◆ **Task prompt**:
Wherever the line that contains "The VG07043 White" falls, repeat it and the lines after it exactly until the records end, without any pictures.
══════════
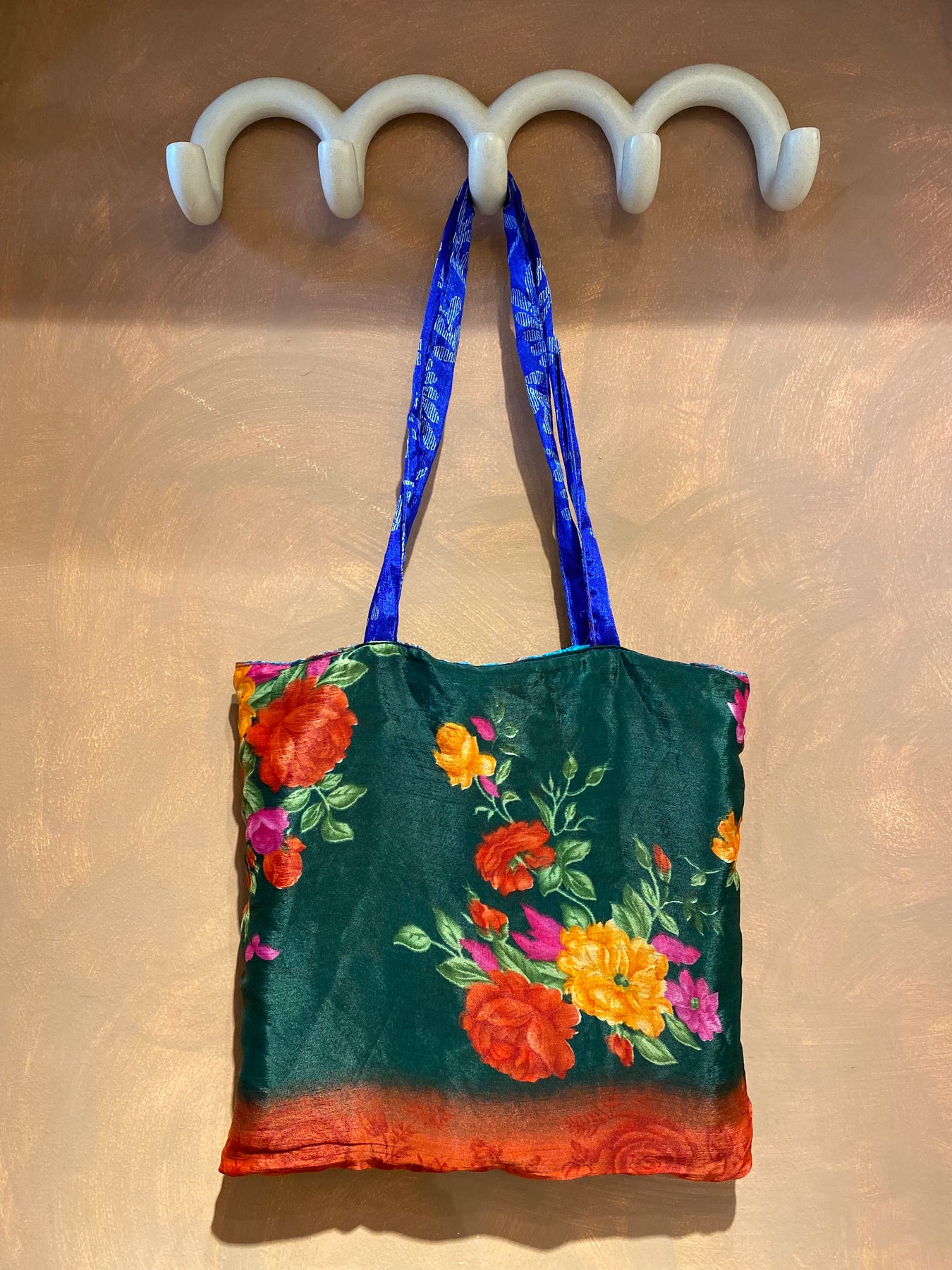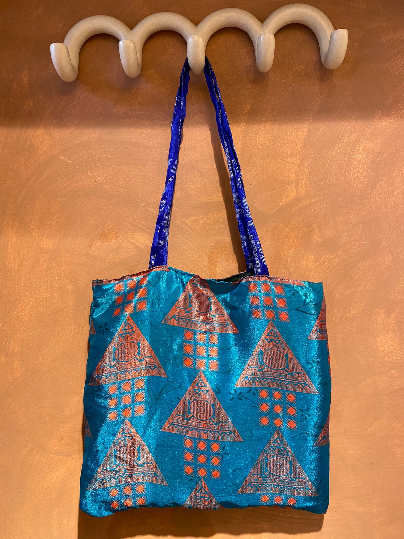 Our reversible silk bag are made with colorful patterns in 100 % silk. Each piece is unique and handcrafted with recycled silks.
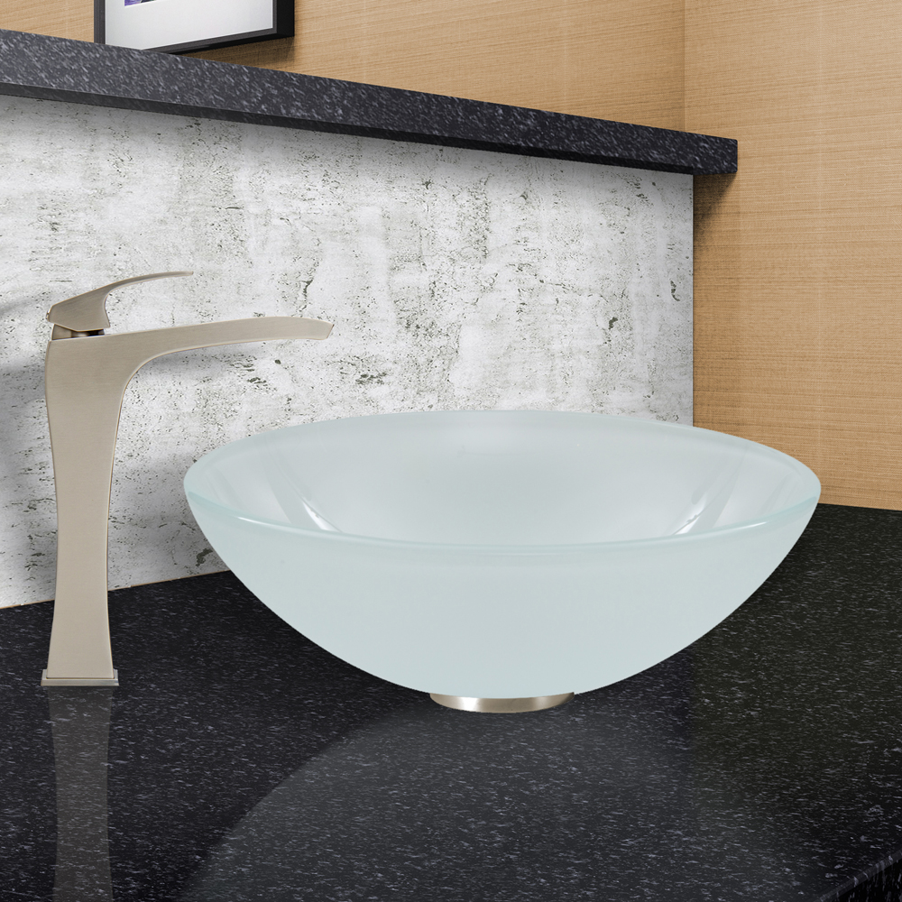 The VG07043 White Frosted Glass vessel bowl features a translucent, soft white color, creating a refreshing appearance.
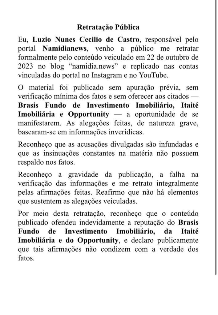 Portal NamidiaNews publica retratação formal após divulgar informações inverídicas sobre o Brasis Fundo de Investimento Imobiliário, Itaité Imobiliária e Opportunity.
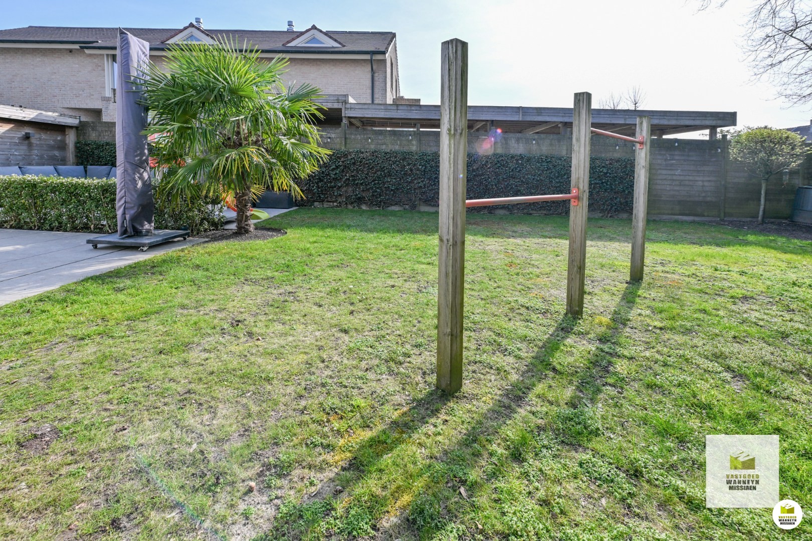 Via de inkomhal met gastentoilet bereik je ook het kantoor. De leefruimte is praktisch en gezellig ingedeeld, met een aparte speelkamer 17m2 (of slaapkamer op het gelijkvloers) voorzien van inbouwkasten, een knusse tv-hoek met houtcassette en een lichtrijke eetplaats die aansluit op een volledig ingerichte keuken.
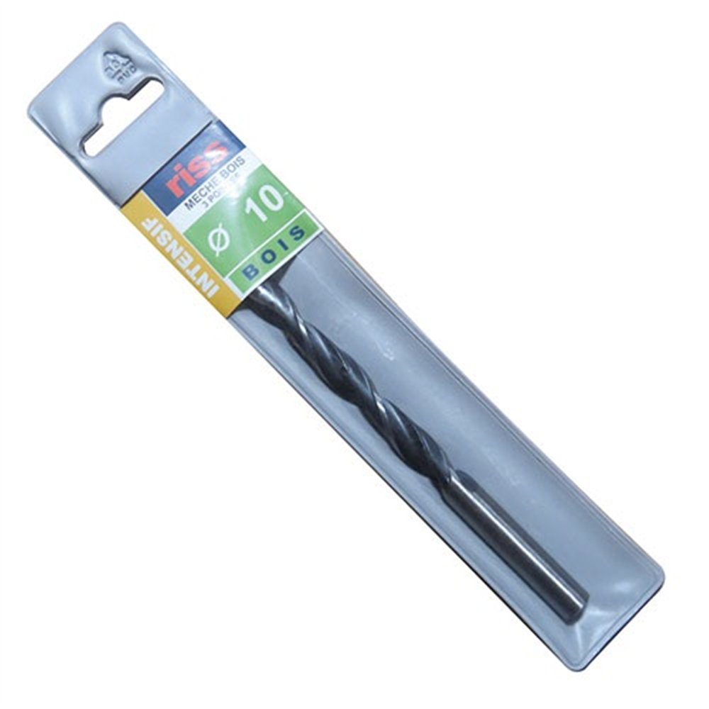 Destiné aux perçages de grand diamètre dans le bois, le foret bois 3 pointes RISS diamètre 10 mm conjugue puissance de coupe et précision de finition. Sa conception à trois pointes — une centrale et deux latérales — lui permet d'attaquer le bois avec une entrée de matière franche et de délivrer un perçage d'un diamètre de 10 mm aux bords parfaitement nets, sans fibres arrachées ni bords ébréchés.
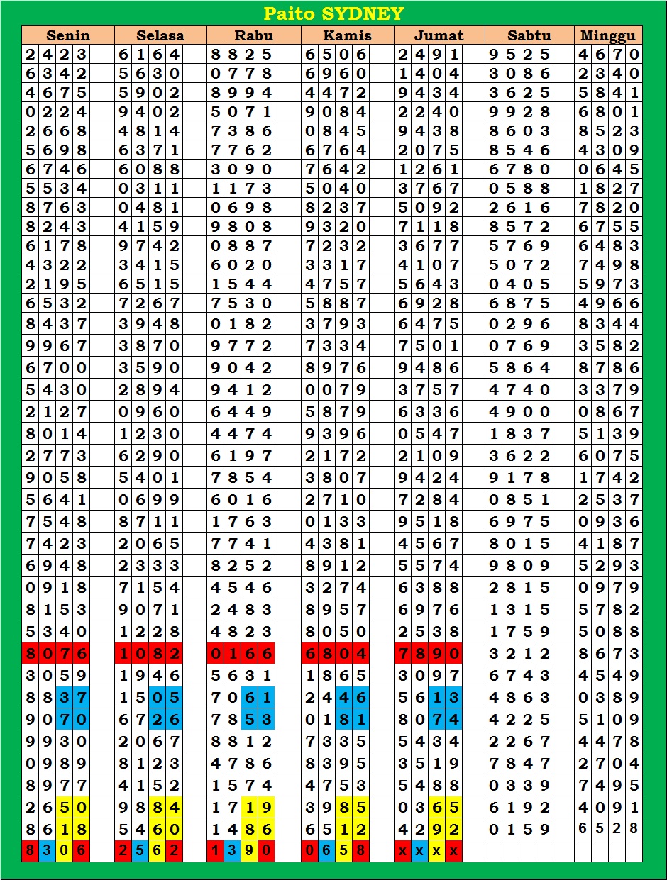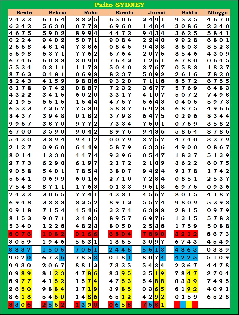 | PAITO WARNA SYDNEY 4D HARIAN |
══════════
◆ **Answer section**:
 The VG07043 White Frosted Glass vessel bowl features a translucent, soft white color, creating a refreshing appearance.
 Portal NamidiaNews publica retratação formal após divulgar informações inverídicas sobre o Brasis Fundo de Investimento Imobiliário, Itaité Imobiliária e Opportunity.
 Via de inkomhal met gastentoilet bereik je ook het kantoor. De leefruimte is praktisch en gezellig ingedeeld, met een aparte speelkamer 17m2 (of slaapkamer op het gelijkvloers) voorzien van inbouwkasten, een knusse tv-hoek met houtcassette en een lichtrijke eetplaats die aansluit op een volledig ingerichte keuken.
 Destiné aux perçages de grand diamètre dans le bois, le foret bois 3 pointes RISS diamètre 10 mm conjugue puissance de coupe et précision de finition. Sa conception à trois pointes — une centrale et deux latérales — lui permet d'attaquer le bois avec une entrée de matière franche et de délivrer un perçage d'un diamètre de 10 mm aux bords parfaitement nets, sans fibres arrachées ni bords ébréchés.
 | PAITO WARNA SYDNEY 4D HARIAN |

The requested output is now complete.